Rencana pengembangan pariwisata di Tapaktuan terus bergulir. Perencanaan demi perencanaan terus dibuat, namun dalam realisasi rencana pengembangan pariwisata di Tapaktuan masih banyak mengalami hambatan. Salah satunya adalah faktor budaya masyarakat yang berpegang pada syariat Islam. Sebagaimana yang kita ketahui Provinsi Aceh sudah beberapa tahun belakang menerapkan Syariat Islam, qanun-qanun tentang berbagai bidang dibuat yang mengacu pada penerapan Syariat Islam di dalamnya. Tapaktuan adalah ibu kota Kabupaten Aceh Selatan yang merupakan salah satu dari Kabupaten yang ada di Provinsi Aceh, yang secara otomatis juga menerapkan syariat Islam. Sehingga syariat Islam menjadi persoalan tersendiri dalam peningkatan kinerja pariwisata.

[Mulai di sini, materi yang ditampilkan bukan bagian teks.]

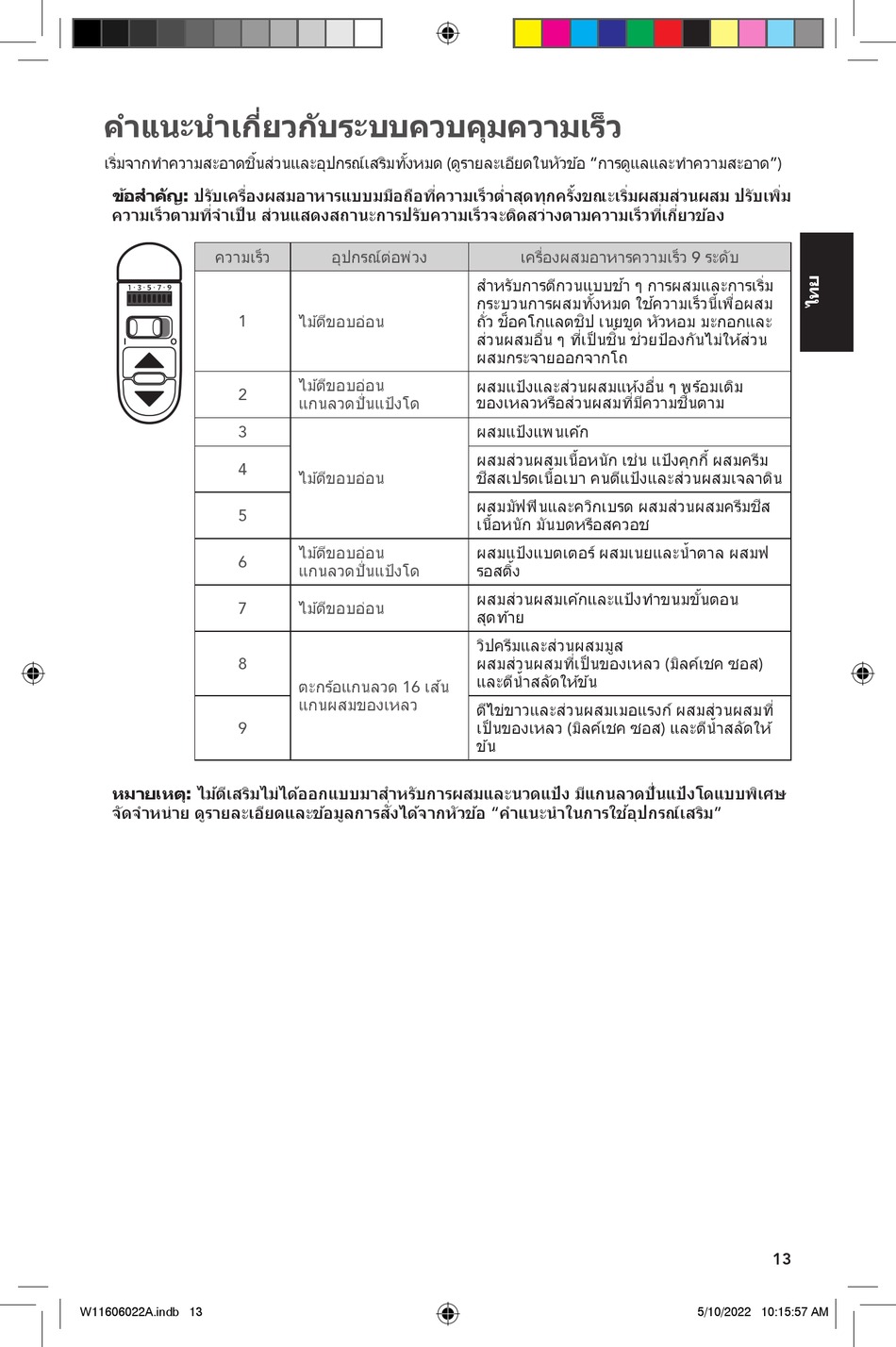 ข้ อ ส่ ำ า คุ ัญ: ปุ่รัั บ เครัื � อ งผสมุอาหารัแบบมุมุื อ ถ้ื อ ที่่ � ค วามุเรั็ ว ตำ � า สุ ด ทีุ่ ก ครัั � ง ขณ์ะเรัิ � มุ ผสมุส � ว นผสมุ ปุ่รัั บ เพิ � มุ

Banyaknya peraturan, larangan, serta batasan-batasan yang harus dipatuhi oleh wisatawan ketika hendak berwisata, menjadikan para wisatawan mengalami penurunan minat untuk berwisata, khususnya wisatawan dari luar daerah. Hal ini tentu saja kontras dengan karakter kawasan pariwisata yang sangat kental dengan sifat terbuka tanpa mengenal banyaknya peraturan, batasan, dan larangan-larangan.

Disatu sisi, pemerintah mendorong pariwisata sebagai salah satu sektor andalan kabupaten, dimana pemerintah giat memfasilitasi pengembangan infrastuktur pariwisata diobjek wisata andalan, disisi lain adanya peraturan dan norma-norma yang harus dipatuhi oleh wisatawan pada saat berwisata.

Sekilas hal ini tidak tampak kontradiktif, namun ketika kedua aktivitas ini (pariwisata dan syariat Islam) bertemu di lapangan, maka akan terjadi dilema, sehingga banyaknya wisatawan khususnya dari luar daerah tidak berminat untuk datang ke kawasan wisata tersebut. Dan ini tentu saja berdampak bagi kinerja pariwisata yang diharapkan nantinya menjadi salah satu sektor pendukung pembangunan Kota Tapaktuan.